Before you can use Multidimensional Expressions (MDX) to query multidimensional data or create MDX expressions within a cube, it helps to understand multidimensional concepts and terms.
The best place to start is with a data summarization example you already know, and then see how MDX relates to it. Here’s a PivotTable created in Excel, populated with data from an Analysis Services sample cube.
An Analysis Services cube consists of measures, dimensions, and dimension attributes, all of which are evident in the PivotTable example.

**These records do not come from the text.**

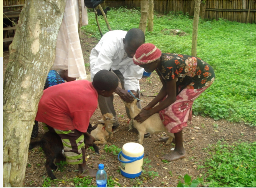
veterinary services for goats in confinement, Ikire zone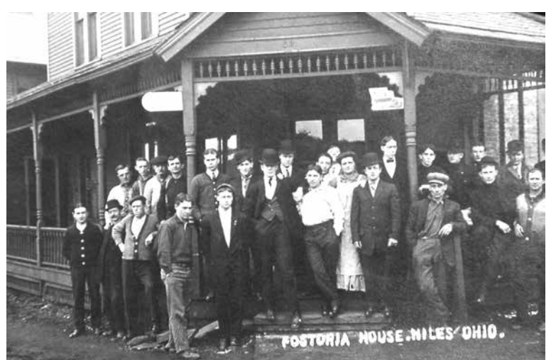
Many skilled workers stayed at the Fostoria(Later to become the Allison Hotel, then the Antler Hotel).

Afire in October 1904 caused by a faulty kiln in the decorating room, caused $10,000 damage. But by early November, some 50 employees in the decorating department were back to work and full operations resumed shortly afterwards. By 1906, this pottery had expanded its facilities to include a large one-story modeling shop and a two-story building to house the decorating department. There are apparently no records as to the number of kilns, but photographs indicate there were probably at least six. Only the latest and most improved machinery was used and the highest skilled labor employed in producing good quality earthenware. Most of the raw materials used by Bradshaw were imported and only the best that could be purchased was used on their production line. The company was progressing remarkably well and was recognized widely as a valuable asset to the town of Niles. However, by 1910, Bradshaw was in receivership.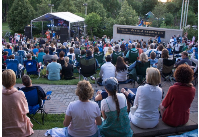
Summer concert series at the Wolfe Park Veterans Memorial Amphitheater

The breadth of programs and broad support for the arts by Friends of the Arts and the city is a result, in large part, of advocates from the community and within city government, and the strong relationships that have formed. To ensure the long-term stability of arts and culture in the community, the city and Friends of the Arts are working together to determine where efforts should be focused, how to express and communicate its importance to community vitality, and building cross-sector support and partnerships. Guided by the knowledge that arts and culture are a key contributor to economic and community development, this framework will enshrine past efforts and offer a strategic path to approach arts and culture as a tool in solving community challenges and developing policy on which the future of arts and culture in St. Louis Park will grow.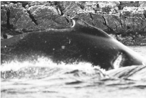
1071 healed injury December 1985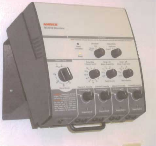
MS401B shown with optional wall mount bracket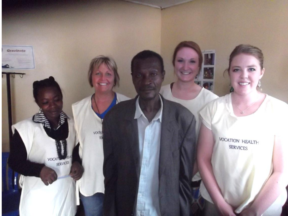
Some medical volunteers with a patient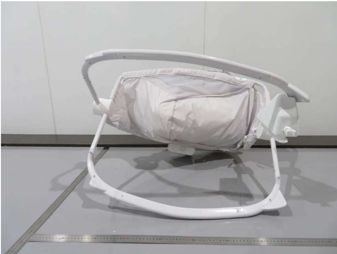
View of Adapter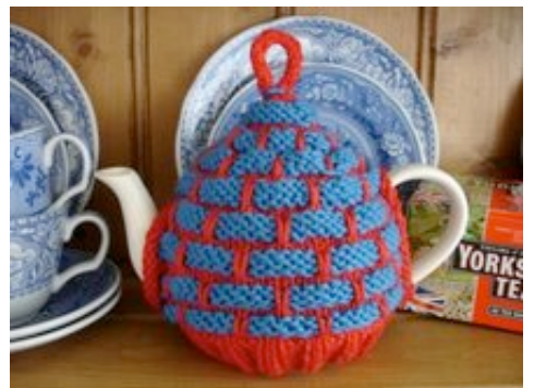
I love tea and tea cozies!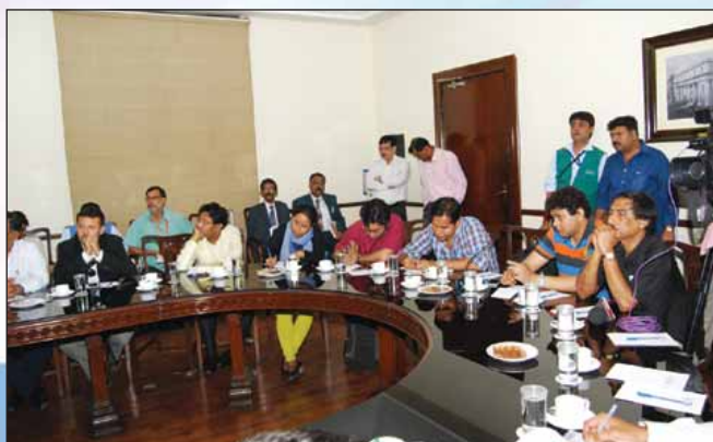
The press in attendance.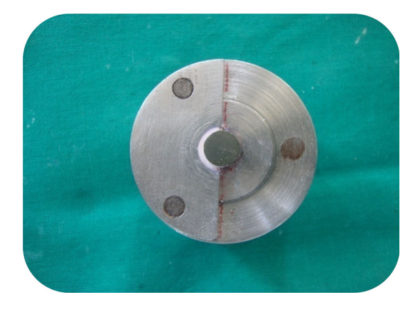
Fig. 5 Body porcelain application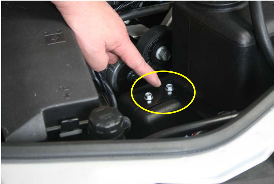
Step 12: Remove expansion tank mounting hardware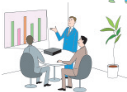
Small conference rooms

Measures are numeric data values found in cells, aggregated as a sum, count, percentage, min, max, or average. Measure values are dynamic, calculated in real time, in response to user navigation and interaction with the PivotTable. In this example, the cells show Reseller Sales Amounts that increase or decrease based on whether you expand or collapse the axes. For any combination of Date (year, quarter, month, or date) and Sales Territory (Country group, Country, Region) you can get a Reseller Sales Amount, summed for that particular context. Other terms that are synonymous with measures are facts (in data warehouses) and calculated fields (in tabular and Excel data models).
Dimensions are on the column and row axes of a PivotTable, providing the meaning behind the measure. Dimensions are analogous to Tables in a relational data model. Common examples of a dimension include Time, Geography, Products, Customers, Employees, and so on. This example has two dimensions, Sales Territory on the rows, and Date across the top, but you could easily drag and drop other dimensions associated with Reseller Sales, such as Promotions or Products, to view sales performance along those dimensions. Your ability to explore data in interesting ways depends on the dimensions you create, and whether they are related to fact tables in your data source.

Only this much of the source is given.